It is late, and my flight home was delayed (a regular feature with Frontier Air, but there is at least no extra charge for it ). I am flying home from a wonderful week with Denise in Joseph, Utah. I have the exit row to myself, as a matter of fact, I have all of the exit rows to myself. I think it is my responsibility to open all 4 exits if there are any problems.
I had the privilege of meeting all three of Denise's children and plus one's wife and another's boyfriend. This is quite a group of really nice, talented and fun people. I am honored that I will soon be part of their family. The jokes, laughter, conversation and activities were wonderful. We had a couple of photo sessions and a Thanksmas meal to prepare and eat. I am looking forward to any future time with any of them.
Also, on this trip, I was able to meet some of Denise's friends. One, a lady who is very shy and quiet (it was hard to get even a couple of words out of her) surprised me by asking the question "why Denise?".
While I did answer the question at the time, I have also been rethinking my answer since then. Why, out of the roughly 2 billion women in the world, why have I chosen Denise to be the one that I will marry, that I will share the rest of my life with, the one to be my forever girl?
Ok, so maybe 1+ billion are from the Far East, Africa and such, whom I would never meet. You can take them out of the equation, if you like, but the question still remains, why Denise?
There are many reasons, including our shared common interests of photography, writing, being outdoors, not living life in front of a tv. These are wonderful parts of us, but not the main reasons. Other reasons include how beautiful she is, what a wonderful mom she is, and how she laughs at my jokes (even the "dad jokes" or "chuck-isms").
The following reasons are much more important.
A few years ago I was part of a small study group. During one of these meetings, the leader of the group was talking about his relationship with his wife, about how fascinating she was to him, about how there was no other person he would want to spend time with more. I saw that and realized how wonderful that would be in a marriage relationship. To be married to my very best friend, to be fascinated by my spouse, to be with the one that I want to know and be with more than anyone, are all so important. Denise is that woman to me. She is fun, caring, intelligent, witty, talented, and so much more. I so enjoy being with her, and she is the one who fascinates me, whom I want to know more and more, and to share more and more of life with.

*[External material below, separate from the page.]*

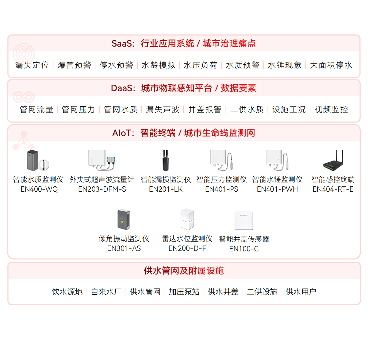 對供水管網(wǎng)設(shè)施及水質(zhì)提供實時監(jiān)測,通過各類智能監(jiān)測終端保障供水壓力平衡、流量穩(wěn)定和供水安全,及時發(fā)現(xiàn)爆管并預警,避免大面積城市停水事故發(fā)生,為管網(wǎng)爆管預警分析、用水趨勢分析和泄漏量預警分析提供數(shù)據(jù)支撐。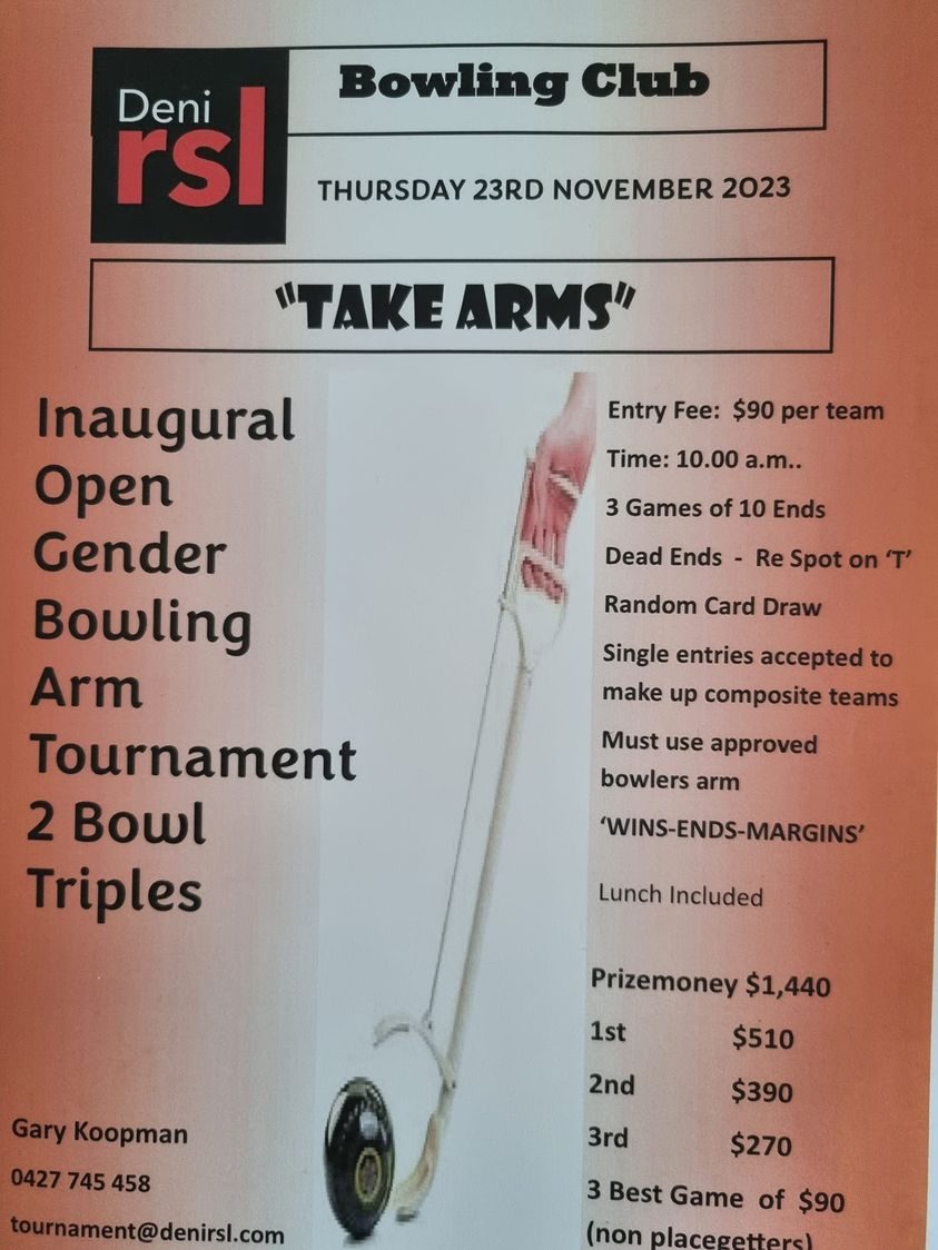 Contact Gary or email tournament@denirsl.com to enter. Limited to 24 entries.

I had a job with a small company a number of years ago, and was fortunate to see one couple interact with each other as part of my day to day job. They were together coming to work, worked in the same office, were together going home, and then together in their home life. This couple each watched out for each other, and both enjoyed their time together throughout the day. I knew that I hoped for that enjoyment of time together with my spouse should I ever marry again, and in Denise, I have found that. We communicate very often throughout the day and evening and always look for an opportunity to connect again, whether for a quick phone call, or a multi-hour Skype conversation, where we may talk intently for a time but then also just share time while we are accomplishing out day to day tasks. The times we have been together have been wonderful and smooth, enjoying each other as we talk, explore, hike, shop or whatever. We feel like we have known each other for years, and when we are together, it is as if we have never been apart. There are no eggshells around, no uncomfortableness, but just the simple enjoyable comfort of time shared together.
I have been in relationships, both personal and professional, where I have felt like there was a scoreboard over my left shoulder, and that each thing that I said or did was evaluated and scored, and the relationship was based on that score. With Denise, I am simply loved like I have never been loved before. She expresses her love, admiration, and respect of me to me in so many ways each day. She tells me in her words via phone calls and Skype. She tells me in the text messages that we send back and forth. She shows me in the Facebook posts she makes each day, sharing her love for me in the messages posted for me and about me with her friends. She shows me in time together in the ways she cares for me, watching for my well being. The way she sits close, holds my hand, smiles at me, and cares for my physical needs (food, head aches, sore muscles) as well as protecting our relationship, show me that I am loved like never before.
Additionally, Denise is the kindest and most caring person I know. I can see it in her relationship with others, through other's interactions with her, and especially in the way she cares for me. The way she watches out for me, cares for me and guards my heart is amazing.
So, why Denise? Of course because she is beautiful, caring, kind, sweet, talented, a woman that I can really talk with, and a woman that I can enjoy exploring life with. But, even more so because she is my best friend, because I love any time that I have with her, and because I have never been loved as she loves me. As you can begin to see, the "why Denise" is pretty obvious. I am just so fortunate that she has chosen me, and that I will have the privilege and joy of loving and serving Denise as my fiancée now and soon as my wife.